Strong expression of the 5-HT2B serotonin receptor mRNA has been detected in animals as early as at eight days post-conception in the neural fold, neural tube and the “heart primordial” (that is, the heart tissue, before it even starts beating).

The neural fold is remarkably multipotent, and can differentiate into a variety of neural and non-neural cell types, including a wide range of embryonic tissues that later differentiate into:

  • craniofacial cartilages
  • bones
  • dermis
  • adipose tissue
  • vascular smooth muscle
  • cardiac development

Neural crest cells are also responsible for the development of the cardiac outflow track and cardiac septal, muscle and valve formation.  Specifically, neural crest cells form into diverse cardio-vascular structures to yield the pericytes (contractility cells of the blood vessels and of the heart) and the smooth muscle which make up the all human vasculature, from microscopic capillaries to the large arteries derived from aortic arches.

Summary:

In conclusion:  Selective Serotonin modulating drugs are used ubiquitously in adults for extremely broad indications of psychiatric and non-psychiatric conditions.  Because of their pervasive use they are causing a broad variety of physical and cogitative/behavioral birth defects.  The use of Selective Serotonin modulating drugs can have significant effects on any kind of tissue that serotonin modulates, and serotonin modulates almost all types of tissues in fetal development.

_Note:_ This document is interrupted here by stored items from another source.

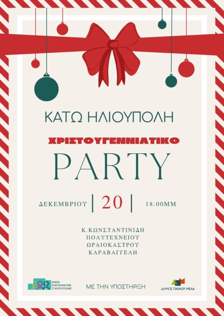 Η Κάτω Ηλιούπολη ετοιμάζεται να φορέσει τα γιορτινά της, καθώς στις 20 Δεκεμβρίου, στις 18:00 το απόγευμα, διοργανώνεται χριστουγεννιάτικο πάρτι σε μία προσπάθεια να τονωθεί η αγορά. Η εκδήλωση θα πραγματοποιηθεί στη συμβολή των οδών Κ. Κωνσταντινίδη, Πολυτεχνείου, Ωραιοκάστρου και Καραβαγγέλη, προσφέροντας μια ζεστή χριστουγεννιάτικη ατμόσφαιρα για κατοίκους και επισκέπτες. Τη διοργάνωση στηρίζει η Ένωση Επαγγελματιών Σταυρούπολης, καθώς και ο Δήμος Παύλου Μελά.
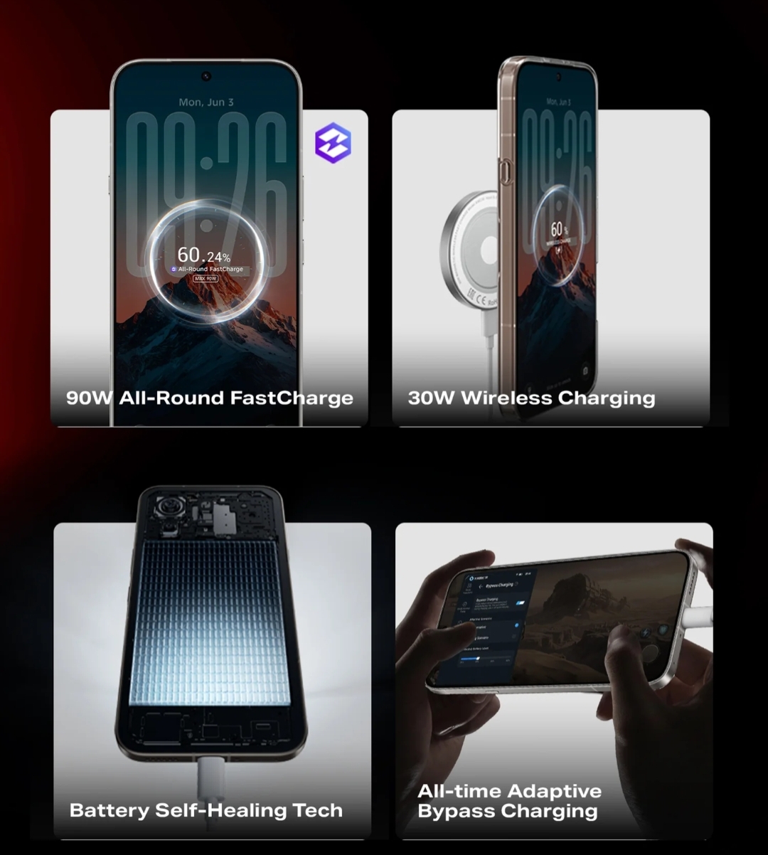 The smartphone is equipped with 360-degree dual stereo speakers tuned by JBL. It is backed by a 6500 mAh battery that offers up to 34 hours of non-stop video playback and up to 22 hours of non-stop outdoor navigation. It boasts 6 years of battery endurance and battery self-healing tech. The device supports 90W FastCharge, 30W wireless charging and all-time adaptive bypass charging.
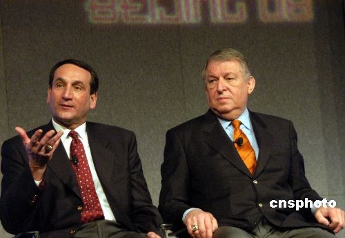 美国男篮主教练迈克·沙舍夫斯基(左)15日与美国篮球国家队组建委员会主席科兰杰洛(右)一同在芝加哥出席美国奥运代表队新闻峰会时称:“美国人必须赢”的观念已经过时,此次奥运夺金并非美国男篮的唯一目标。 中新社发 李静 摄
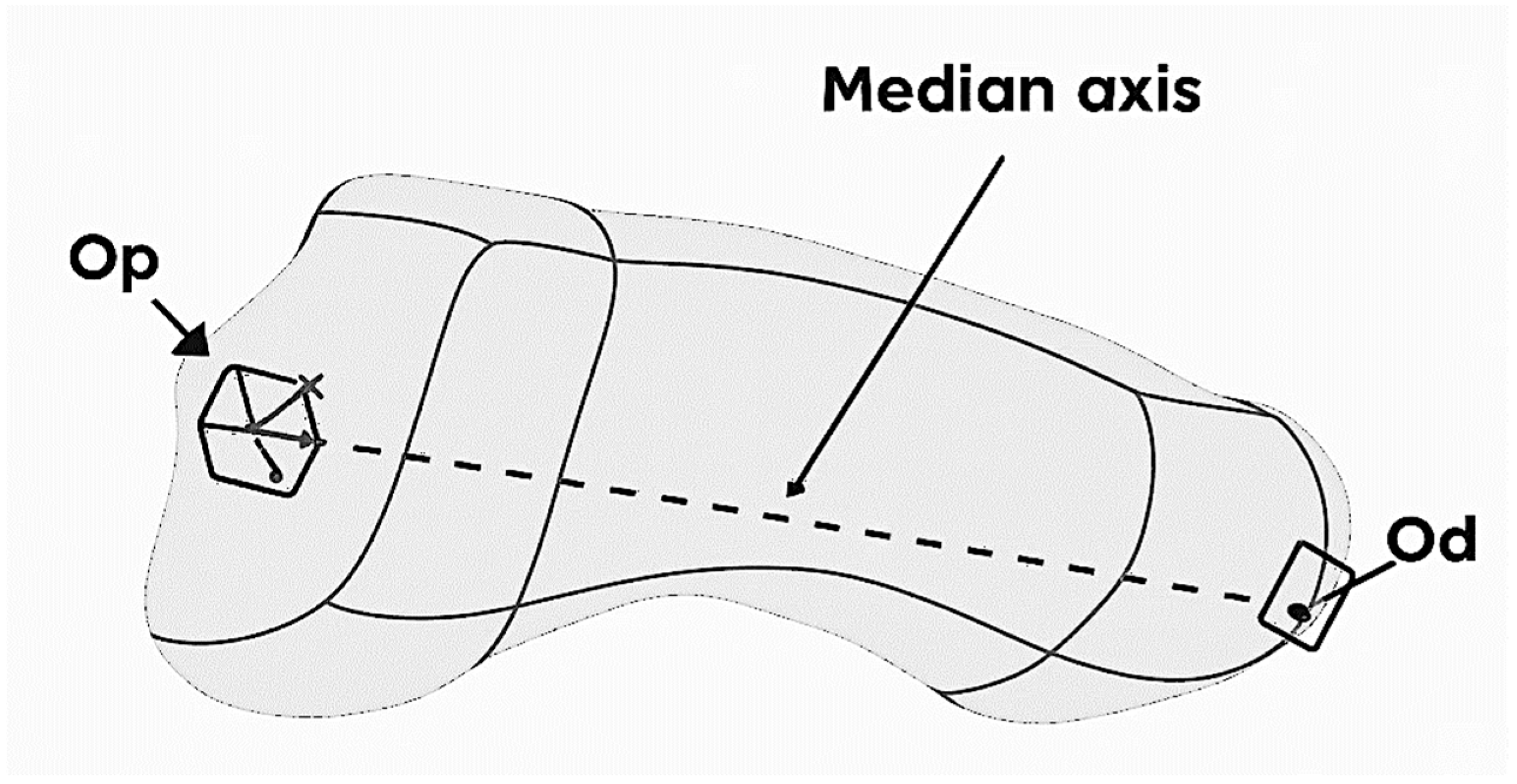 The STP format was introduced in Catia V5 where the Jones fracture at the level of the 5th metatarsal was defined. The modeling started from defining the median axis of the bone, built between two anatomical landmarks: the proximal point (Op) located in the geometric center of the cubometatarsal joint and the distal point (Od) located in the geometric center of the metatarsophalangeal joint, that can be observed in

The FDA’s AERS / FAERS adverse event reporting system databases details the thousands upon thousands of birth defects that SSRIs have caused.   It has been shown in several 2016 publications that the use of SSRIs during all three trimester of pregnancy may be responsible for the otherwise unexplainable increased incidence in learning disabilities and Autisim spectrum disorders seen in the United States.

Use of antidepressants, specifically selective serotonin reuptake inhibitors, during the first, second and/or third trimester increases the risk of ASD in children, even after considering maternal depression.”

Because it takes at least 1 to 2 months for women to know whether or not they are pregnant, women may unknowingly be taking an SSRI during their first trimester, when serotonin receptors are first developed.  Early in fetal development, serotonin receptors have the potential to cause cognitive/neurological as well as visible and physical developmental deformations in the heart, bones and cranium. 

SSRIs have active metabolites are readily cross the placental and blood-brain barriers.  Additionally, SSRIs have a long pharmacokinetic half-life.  Pharmaceutical companies have not adequately warned women that if they are thinking of getting pregnant, or have the potential to become pregnant that they should stop taking SSRIs well in advance of a potential pregnancy to prevent the risk of autism and prevent the risk of physical deformations.